The US President, Donald Trump, signed an order on Thursday to release remaining government documents related to the assassination of President John F. Kennedy, as well as those connected to the murders of Senator Robert F. Kennedy and civil rights leader Martin Luther King Jr. in the 1960s.
Trump told journalists present at the event, “This is a big thing. Many people have been waiting for this for years, for decades. Everything will be revealed.”
According to US media, the Director of National Intelligence is expected to submit a plan for the “complete release”of the JFK assassination files within 15 days and a plan for the release of the RFK and MLK assassination files within 45 days.
Trump had already announced his plan at a rally in the Capital One Arena in Washington over the weekend, where he delivered a speech to an audience of around 20,000 people (RT DE reported).
The political murders of President Kennedy in 1963, his brother and political ally Robert in 1968 and Martin Luther King, the civil rights leader and Nobel Peace Prize winner, in the same year, have been the subject of controversial perceptions and speculations in America for decades.

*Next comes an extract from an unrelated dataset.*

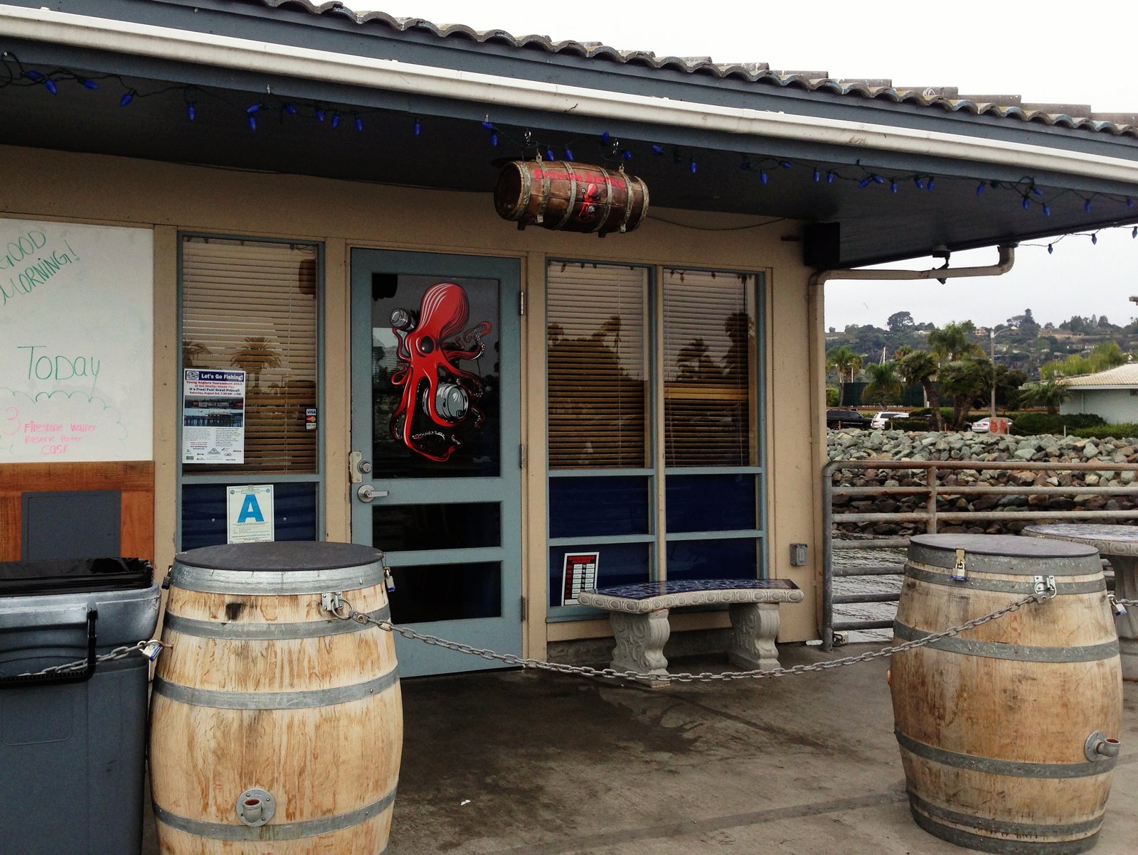 I think the location is really great, original, and quirky, as it's located on a pier, which on this morning was packed to the gills (no pun intended) with folks fishing.

The National Archives and Records Administration (NARA) alone possesses five million files related to the assassination of President Kennedy. In the 1990s, the government had ordered the almost complete release of the files by October 2017, although every president has the authority to make exceptions. This was regulated by the “John F. Kennedy Assassination Records Collection Act of 1992”.
Between 3,000 and 4,000 potentially revealing documents can now be released. Trump had made a similar promise during his first term in 2017 and eventually allowed the release of documents, but held a significant portion of them back, citing “national security concerns”a move described as pressure from the CIA and FBI at the time.